I don't think that "Fake GUIDs" may affect the post syndication routine. The "Fake GUIDs" option is a run-time only and it affects your own feeds only. When it's enabled, all the post GUID's it your feed get cloaked. When disabled, the actual post GUID's in the feed will be shown (this may reveal the original post source to search engines).
6:27 am
Okay, so with Fake GUID's enabled and duplicates check set to GUID only, my database was flooded with duplicates. So I guess the system has a hard time comparing the Fake GUID's to the actual GUID's. Does he 'remember' the original GUID's of each post?
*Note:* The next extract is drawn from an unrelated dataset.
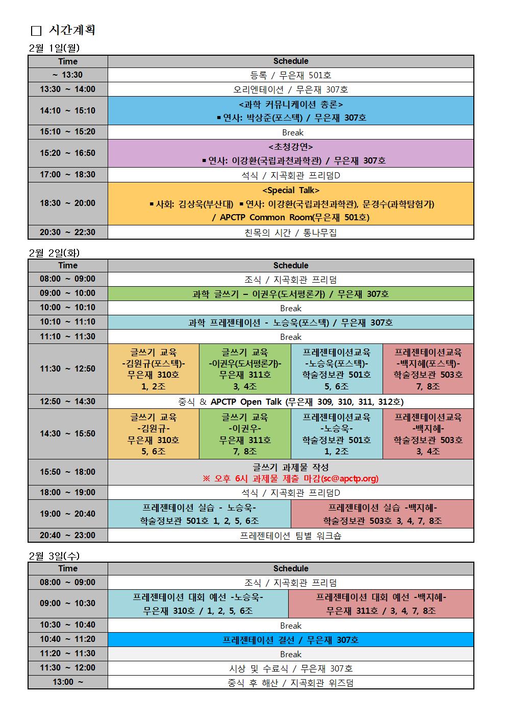 ○ 행사 개요 ∙ 일시: 2016년 2월 1일(월) - 3일(수) [2박 3일간] ※ 스쿨 기간 동안 숙소 및 식사 제공 ∙ 장소: 아시아태평양 이론물리센터 포항본부(POSTECH 내 무은재기념관) ∙ 프로그램: 과학글쓰기 및 프레젠테이션 교육, APCTP Special Talk, Open Talk, 초청강연 등

If not, then this result isn't surprising.
Could it be that my site's having so much duplicates because it has a giant database (10.000+ posts)? In that case, wouldn't it be handy to have a setting to limit the search for duplicates to a period, e.g. max. 1 week ago, 1 month ago, etc.
Right now, I have set duplicates check to 'title only' since that seemed to give the best results before. I will let you know how it goes...
No, the plugin does not compare any fake GUID's and they are not stored anywhere. As I said above it's just a run-time thing. When fake GUID's are enabled and when your RSS feed is get rendered (e.g. when somebody opened yoursite.com/feed in the browser) the plugin replaces the actual syndicated post GUID's by fake ones. It does not change anything in database and it does not use these fake GUID's anywhere else.